| |
Ces
premières paroles sont toute la fierté des encadrants
dont le souci quotidien est de " donner du plaisir aux ouvriers
pour qu'ils s'épanouissent. " Tel a toujours été
le credo de Joël Pontdemé, entré dans la maison
Pifaudais un jour de septembre 1979, en remplacement de Guy Nicolas,
promu chef de service technique. " C'est un monde que je
ne connaissais pas du tout, raconte ce menuisier-ébéniste
de formation. Les six premiers mois ont été difficiles
car il y avait des cas très lourds à gérer.
Plusieurs fois, je me suis posé la question : je pars ou
je reste ? Pour moi, on occupait les ouvriers pour éviter
les problèmes de comportement... J'ai essayé de mieux
les cerner, de savoir ce dont ils étaient capables. "
Le responsable d'atelier leur fait alors découvrir l'agencement
et les travaux de bâtiment. Parmi les premiers chantiers :
la fabrication de tables pour la salle des fêtes de Quévert
ou bien encore l'aménagement des bureaux administratifs de
l'aquarium de Saint-Malo.
Au fil du temps, l'atelier menuiserie se développe.

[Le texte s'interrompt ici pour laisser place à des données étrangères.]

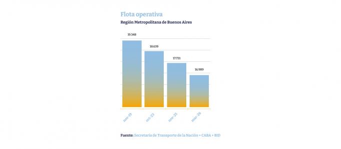 La contracci贸n de la oferta es desigual seg煤n la jurisdicci贸n. Las l铆neas interjurisdiccionales, que conectan la Ciudad con el Gran Buenos Aires, son las m谩s afectadas, con una ca铆da del 40% en su flota operativa. En contraste, las l铆neas que circulan exclusivamente dentro de la Ciudad Aut贸noma de Buenos Aires registran una merma menor, del 5%. Esta diferencia se explica por la estructura de financiamiento y la dependencia de las compensaciones estatales. Seg煤n el relevamiento, la flota actual es significativamente menor a la de a帽os anteriores: se estima que hay unos 2.359 coches menos en funcionamiento que en 2019.
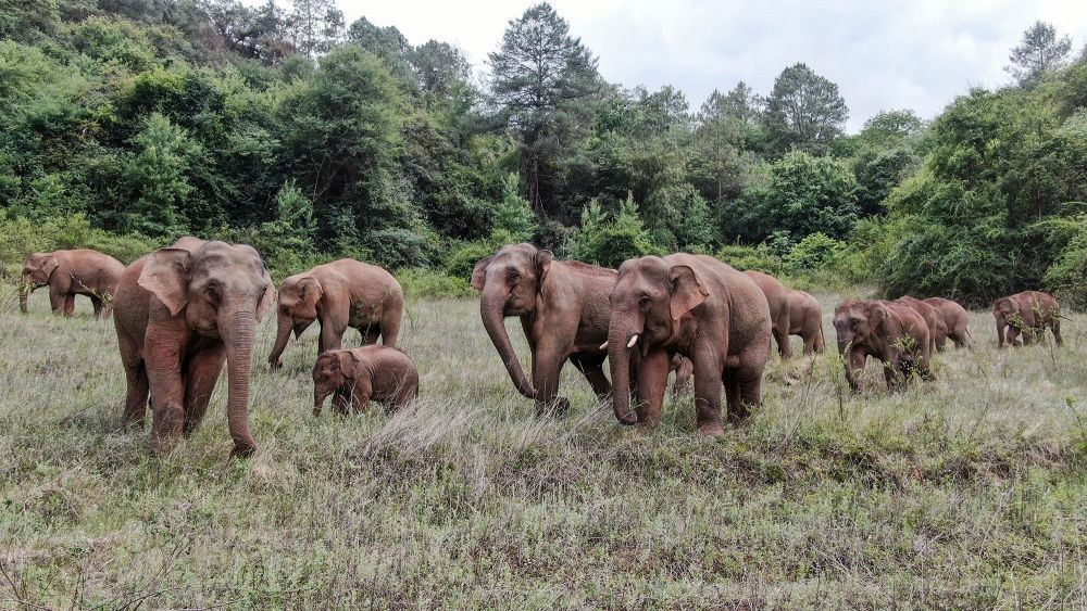 這是在云南省昆明市晉寧區(qū)雙河彝族鄉(xiāng)拍攝的野象(2021年6月3日攝)。

Le CAT investit dans de nouveaux équipements. Et le premier
gros contrat ne tarde pas à venir. Il est signé dans
les années 80 avec les ateliers des Frères Flin de
Languenan. Le deuxième construction d'escaliers français
confie l'usinage de ces matériaux aux Pifaudais (rabotage,
sciage, coupe, collage, séchage et transport).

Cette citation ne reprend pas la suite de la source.